After my nine-month internship in a fifth grade classroom, I was not offered a contract to teach full time and had to substitute teach for the next two years.
A ten-year old called Oscar (not his real name) was the reason. It was May 1976, and Ms. Stepp was gone. Instead, a sub was in the room. I was the student teacher. Oscar had an anger issue. He could blow with the force of a five-hundred pound, roadside bomb.
On that particular day, for no reason, Oscar started to use a thick-black marker to draw Xs across the pages in the history textbook used for Yorbita’s fifth grade. As he finished marking a page, he tore it out and tossed it on the floor.
Another teacher’s experience.
The substitute teacher said to stop. Oscar ignored her. Oscar kept marking the large, thick X and tearing the pages out.
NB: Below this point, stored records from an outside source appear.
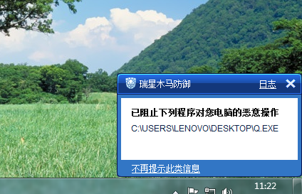 判断依据:右键扫描该病毒文件后,再双击病毒文件,RIS2011 木马防御报:
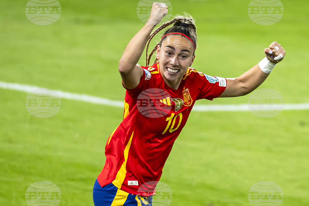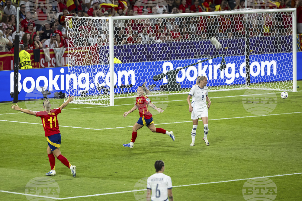 Spain's Athenea Del Castillo, 2nd left, celebrates scoring with teammates during the Women's Euro 2025 quarterfinal soccer match between Switzerland and Spain at Wankdorf stadium in Bern, Switzerland, Friday July 18, 2025. (Michael Buholzer/Keystone via AP)
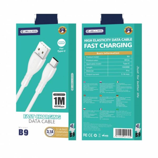 Καλώδιο Φόρτισης Δεδομένων Jellico B9 Data Cable Type-C – White
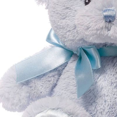 Crafted from the softest plush fabrics with baby-safe embroidery, this 25cm blue My First Teddy features the sweetest satin paws, an organza ribbon around his neck and an embroidered foot pad that reads ‘My First Teddy’.
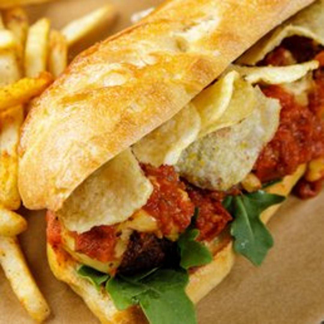 Plant-based meatballs smothered in marinara sauce and melted mozzarella cheese on a toasted hoagie roll. Served with your choice of side.
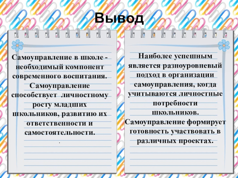 Наиболее успешным является разноуровневый подход в организации самоуправления, когда учитываются личностные потребности
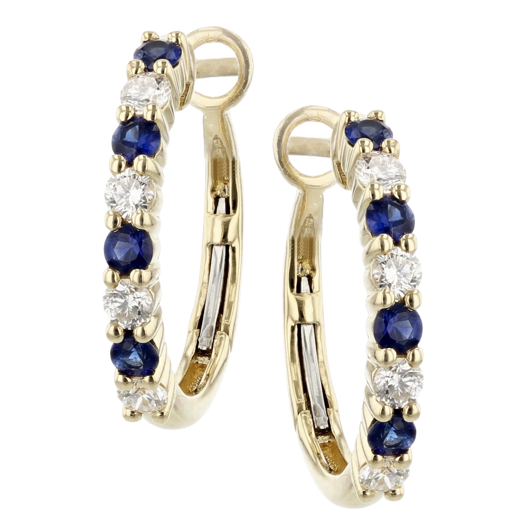 0.40ct Diamonds and 0.64ct Sapphire alternating shared prong hoop earrings in 14k Yellow Gold
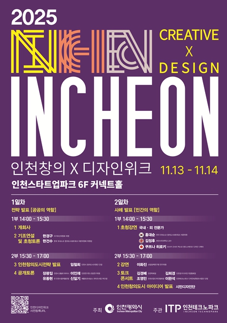 [무한뉴스=정승훈 기자] 인천광역시는 오는 11월 13일부터 14일까지 이틀간 인천스타트업파크 커넥트홀에서 '2025 인천창의X디자인위크'를 개최한다고 밝혔다.
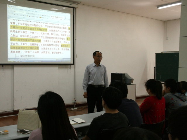 首先刘书记向大家阐述了开展“两学一做”学习教育的重大意义,并详细解释其总体要求,强调“基础在学,关键在做”。针对“两学一做”着力解决的党员五大问题,刘书记结合实际案例对其进行生动讲述。随后,他详细讲解此次学习教育的内容和方法措施,突出告诫在场全体党员要做讲政治、有信念,讲规矩、有纪律,讲道德、有品行,讲奉献、有作为的合格党员。
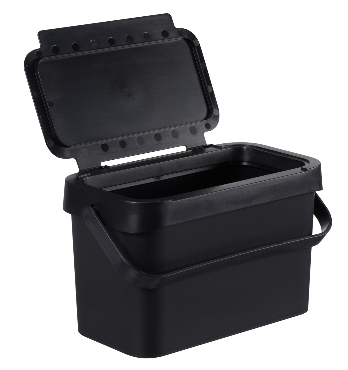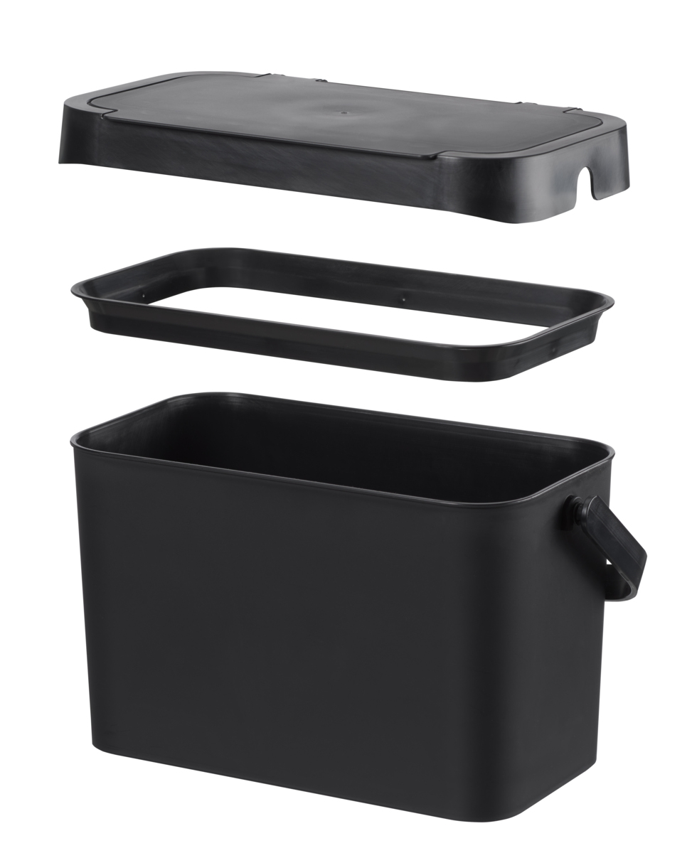 Praktisk och smidig hink med löstagbart lock. Påsen fästes enkelt med hållare som kan lyftas ur. Enkel att rengöra. Passar särskilt bra när man vill samla rester direkt vid matbordet. Av återvunnen polypropen. Mått: 29x17x17 cm.
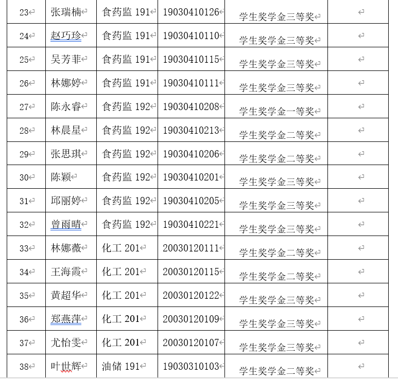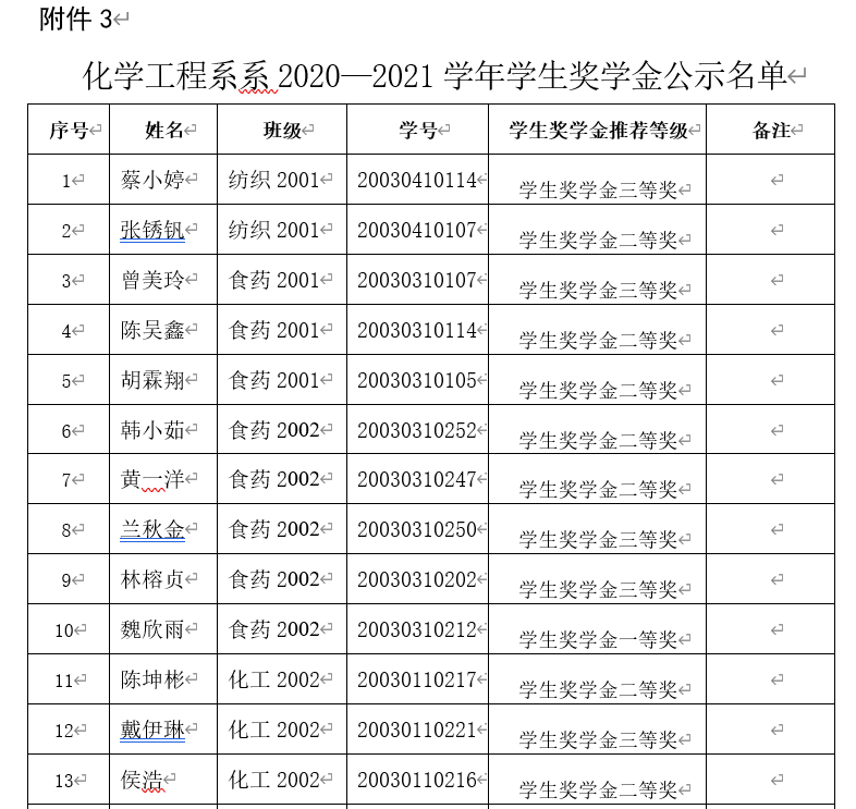 3. 化学工程系2020—2021学年学生奖学金公示名单
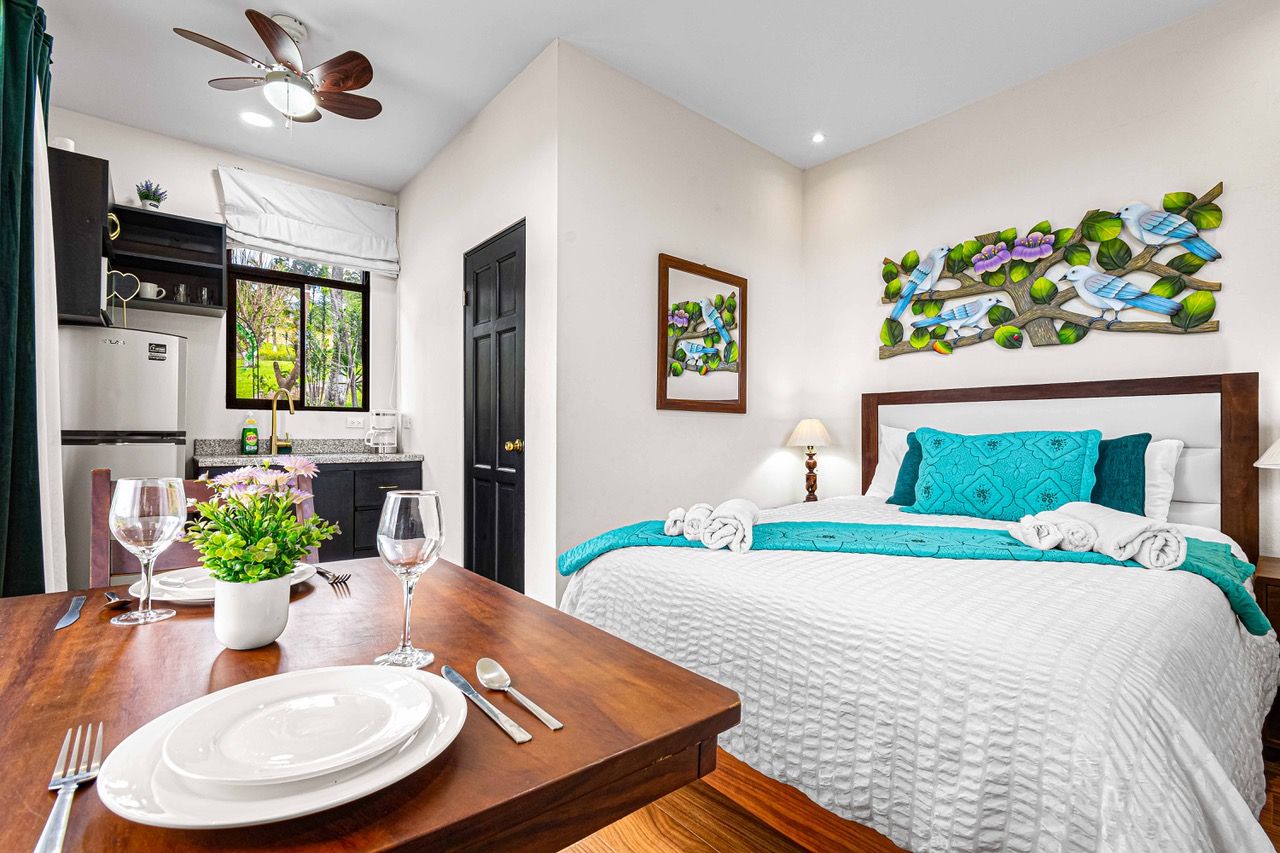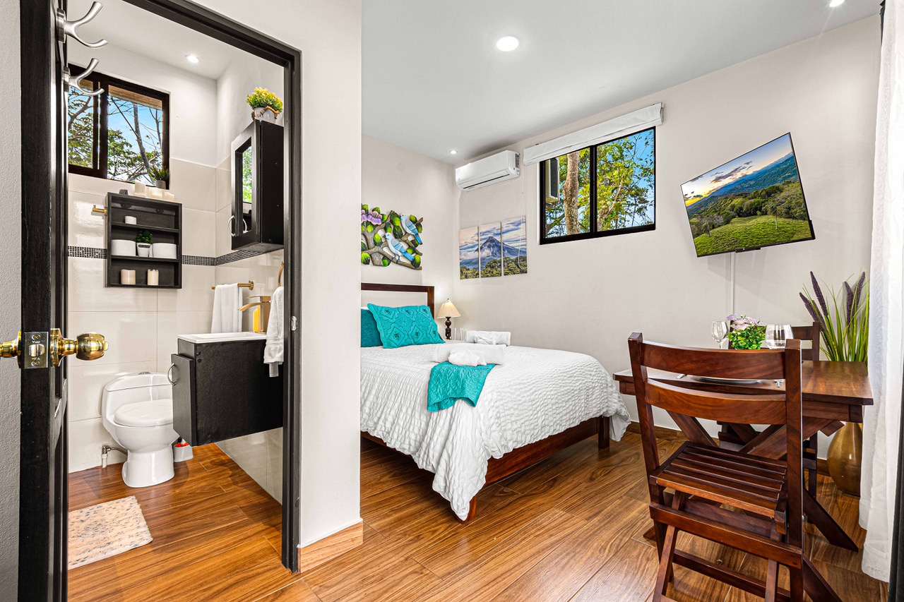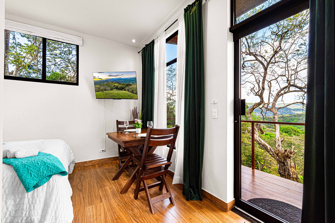 Enjoy amenities such as the refreshing infinity pool, outdoor hammocks, outdoor eating area with BBQ grill, extensive grounds surrounded by a private gated entrance, dedicated work spaces with the highest speed internet that Costa Rica has to offer and a private gym on the property. And during your stay please take a moment to try our fresh tropical fruit off of our many fruit trees, and take in the amazing views of the sunrise and sunset from your private balcony.

The students sitting near him knew he was capable of flying into a rage and attacking them so they started to slide their desks away until he was an isolated island.
Since I had been in the class as a student teacher since September, I thought Oscar might listen to me. I knelt on one knee at eye level and calmly asked him to stop. He did not make eye contact as he marked another page.
I asked him to hand me the book he was systematically destroying page by page.
Oscar was on a behavior modification contract. When he lost control, he was supposed to leave the classroom and walk home.
The teacher was to call the mother and let her know Oscar was on his way. When Oscar reached home, he was to be isolated in his room until he calmed down. Once calm, he could return to school.
I reached for the thirty-five dollar textbook. He yanked it out of my reach, and his face bloated with anger. “That’s my book,” he said. “Don’t touch it.”
I asked him to come to the office with me. He refused. I went to the phone and called, but the principal was not available.
What I did next was the reason why the principal did not recommend me for a full-time position in the district the next school year.
My next move was to pick Oscar up and carry him to the office.
He fought all the way.
It was like trying to hold onto a live fifty-thousand volt wire. Like a giant anaconda, Oscar twisted, turned, and slugged me in the torso. He knocked my glasses off.
When we reached the office, I called his mother.
On the way back to class, I was fortunate enough to find my glasses undamaged. Later, the principal told me that I shouldn’t have touched Oscar, and that I wasn’t ready to teach full time.
As I was finishing this post, I remembered reading the trauma of joblessness in a Blog about Education and Class. The author wrote, “I’ve read and heard little about how school are helping children to understand what is happening to their parents, how they’re trying to articulate for children the reasons for becoming educated in uncertain times, how they are teaching children to be deeply proud of struggling parents.”
When are most Americans going to wake up and realize that the schools have been so burdened with “powerless parenting” that teachers can’t do the job of teaching reading, writing and arithmetic?
Instead, teachers spend far too much time dealing with the Oscars of the world.